D. Departmental Chairs. The departmental chairs or their designee are responsible for reviewing the research activities within their department to determine that:

  1. Proper scientific review and approval (e.g. oversight committee) have been obtained;
  2. The Principal Investigator is qualified to conduct the research;
  3. The hypothesis and procedures of any research study are consistent with generally accepted scientific principles in the discipline; and
  4. Appropriate resources including facilities are available to conduct the research.
  5. BVAMC research activities are reviewed by a scientific/scholarly supervisor to assure the obligations of i.-iv. are met.

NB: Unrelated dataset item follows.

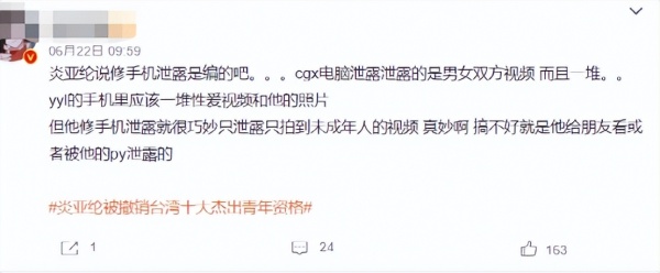 此外,邱耀乐指控炎亚纶时表示其涉嫌偷拍自己的视频,而警方提到炎亚纶涉及偷拍视频采用的“拍摄”一词,指向性不是很明确,有网友疑问究竟是拍摄还是偷拍,因为偷拍的严重程度还要比普通的拍摄严重很多,而且视频疑似也不是意外泄露的,更可能是被炎亚纶主动泄露的。

The obligations in clauses i-iv above may be delegated by the Chair; however, the Chair maintains ultimate responsibility for these obligations.


 E. University.

  1. UAB under its FWA assures the federal government that it will comply with federal research regulations and no research involving human subjects will be conducted without appropriate prior review and approval.
  2. UAB provides treatment for research related injury, but not free of charge. Patients and third parties will be billed for treatment, when appropriate.
  3. UAB, as a state entity, is not ordinarily legally responsible for the acts and omissions of its employees and agents. However, UAB has agreed to provide for legal representation and indemnification for judgments rendered against its employees and agents acting in the course and scope of their duties. UAB considers an individual acting in the capacity of an IRB member to be its agent.
  4. UAB will develop additional policies and procedures and other materials, as necessary, to implement this policy and a human subjects protection program generally.